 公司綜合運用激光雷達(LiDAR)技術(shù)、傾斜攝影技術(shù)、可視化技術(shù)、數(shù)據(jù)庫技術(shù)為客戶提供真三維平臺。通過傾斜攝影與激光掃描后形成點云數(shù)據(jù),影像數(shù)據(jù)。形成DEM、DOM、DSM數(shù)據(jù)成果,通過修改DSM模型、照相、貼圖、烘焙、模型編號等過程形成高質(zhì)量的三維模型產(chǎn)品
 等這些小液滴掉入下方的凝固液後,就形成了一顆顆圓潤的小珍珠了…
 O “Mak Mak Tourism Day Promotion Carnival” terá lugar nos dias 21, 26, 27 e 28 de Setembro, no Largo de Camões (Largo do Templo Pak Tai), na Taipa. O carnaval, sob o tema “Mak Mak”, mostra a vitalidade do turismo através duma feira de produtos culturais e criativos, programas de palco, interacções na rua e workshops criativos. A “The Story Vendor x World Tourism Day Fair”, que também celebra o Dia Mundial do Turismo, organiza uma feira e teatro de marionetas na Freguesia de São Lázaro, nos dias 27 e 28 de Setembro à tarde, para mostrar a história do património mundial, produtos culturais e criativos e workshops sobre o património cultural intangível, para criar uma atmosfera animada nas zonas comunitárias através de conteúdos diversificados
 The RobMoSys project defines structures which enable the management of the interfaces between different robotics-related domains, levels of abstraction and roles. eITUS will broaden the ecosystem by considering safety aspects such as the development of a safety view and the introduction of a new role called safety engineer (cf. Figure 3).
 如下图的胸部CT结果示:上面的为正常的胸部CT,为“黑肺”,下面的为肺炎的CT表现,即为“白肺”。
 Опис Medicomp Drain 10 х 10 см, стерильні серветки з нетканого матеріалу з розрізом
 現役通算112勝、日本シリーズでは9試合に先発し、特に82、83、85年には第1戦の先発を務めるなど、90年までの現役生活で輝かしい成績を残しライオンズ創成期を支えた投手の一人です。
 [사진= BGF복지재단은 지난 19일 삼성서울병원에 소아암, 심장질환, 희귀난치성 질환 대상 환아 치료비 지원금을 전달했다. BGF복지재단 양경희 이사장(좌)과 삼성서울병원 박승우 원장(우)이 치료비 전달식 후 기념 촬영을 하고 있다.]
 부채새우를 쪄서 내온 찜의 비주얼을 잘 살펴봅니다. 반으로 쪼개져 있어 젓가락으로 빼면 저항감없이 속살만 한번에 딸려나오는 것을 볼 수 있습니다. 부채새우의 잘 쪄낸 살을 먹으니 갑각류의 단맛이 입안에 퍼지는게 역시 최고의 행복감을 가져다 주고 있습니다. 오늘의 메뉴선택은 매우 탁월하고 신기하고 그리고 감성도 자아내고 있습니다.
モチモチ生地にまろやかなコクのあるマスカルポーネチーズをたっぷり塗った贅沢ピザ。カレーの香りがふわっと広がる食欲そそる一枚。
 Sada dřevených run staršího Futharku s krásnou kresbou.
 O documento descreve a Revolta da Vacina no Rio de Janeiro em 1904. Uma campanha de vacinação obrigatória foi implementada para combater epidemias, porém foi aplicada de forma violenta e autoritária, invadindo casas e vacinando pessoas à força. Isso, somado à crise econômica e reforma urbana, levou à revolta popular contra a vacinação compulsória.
=-=-=-=-=
— Try it —
Each entry above has to be duplicated exactly as it stands.

— Problem solution —
 公司綜合運用激光雷達(LiDAR)技術(shù)、傾斜攝影技術(shù)、可視化技術(shù)、數(shù)據(jù)庫技術(shù)為客戶提供真三維平臺。通過傾斜攝影與激光掃描后形成點云數(shù)據(jù),影像數(shù)據(jù)。形成DEM、DOM、DSM數(shù)據(jù)成果,通過修改DSM模型、照相、貼圖、烘焙、模型編號等過程形成高質(zhì)量的三維模型產(chǎn)品
 等這些小液滴掉入下方的凝固液後,就形成了一顆顆圓潤的小珍珠了…
 O “Mak Mak Tourism Day Promotion Carnival” terá lugar nos dias 21, 26, 27 e 28 de Setembro, no Largo de Camões (Largo do Templo Pak Tai), na Taipa. O carnaval, sob o tema “Mak Mak”, mostra a vitalidade do turismo através duma feira de produtos culturais e criativos, programas de palco, interacções na rua e workshops criativos. A “The Story Vendor x World Tourism Day Fair”, que também celebra o Dia Mundial do Turismo, organiza uma feira e teatro de marionetas na Freguesia de São Lázaro, nos dias 27 e 28 de Setembro à tarde, para mostrar a história do património mundial, produtos culturais e criativos e workshops sobre o património cultural intangível, para criar uma atmosfera animada nas zonas comunitárias através de conteúdos diversificados
 The RobMoSys project defines structures which enable the management of the interfaces between different robotics-related domains, levels of abstraction and roles. eITUS will broaden the ecosystem by considering safety aspects such as the development of a safety view and the introduction of a new role called safety engineer (cf. Figure 3).
 如下图的胸部CT结果示:上面的为正常的胸部CT,为“黑肺”,下面的为肺炎的CT表现,即为“白肺”。
 Опис Medicomp Drain 10 х 10 см, стерильні серветки з нетканого матеріалу з розрізом
 現役通算112勝、日本シリーズでは9試合に先発し、特に82、83、85年には第1戦の先発を務めるなど、90年までの現役生活で輝かしい成績を残しライオンズ創成期を支えた投手の一人です。
 [사진= BGF복지재단은 지난 19일 삼성서울병원에 소아암, 심장질환, 희귀난치성 질환 대상 환아 치료비 지원금을 전달했다. BGF복지재단 양경희 이사장(좌)과 삼성서울병원 박승우 원장(우)이 치료비 전달식 후 기념 촬영을 하고 있다.]
 부채새우를 쪄서 내온 찜의 비주얼을 잘 살펴봅니다. 반으로 쪼개져 있어 젓가락으로 빼면 저항감없이 속살만 한번에 딸려나오는 것을 볼 수 있습니다. 부채새우의 잘 쪄낸 살을 먹으니 갑각류의 단맛이 입안에 퍼지는게 역시 최고의 행복감을 가져다 주고 있습니다. 오늘의 메뉴선택은 매우 탁월하고 신기하고 그리고 감성도 자아내고 있습니다.
モチモチ生地にまろやかなコクのあるマスカルポーネチーズをたっぷり塗った贅沢ピザ。カレーの香りがふわっと広がる食欲そそる一枚。
 Sada dřevených run staršího Futharku s krásnou kresbou.
 O documento descreve a Revolta da Vacina no Rio de Janeiro em 1904. Uma campanha de vacinação obrigatória foi implementada para combater epidemias, porém foi aplicada de forma violenta e autoritária, invadindo casas e vacinando pessoas à força. Isso, somado à crise econômica e reforma urbana, levou à revolta popular contra a vacinação compulsória.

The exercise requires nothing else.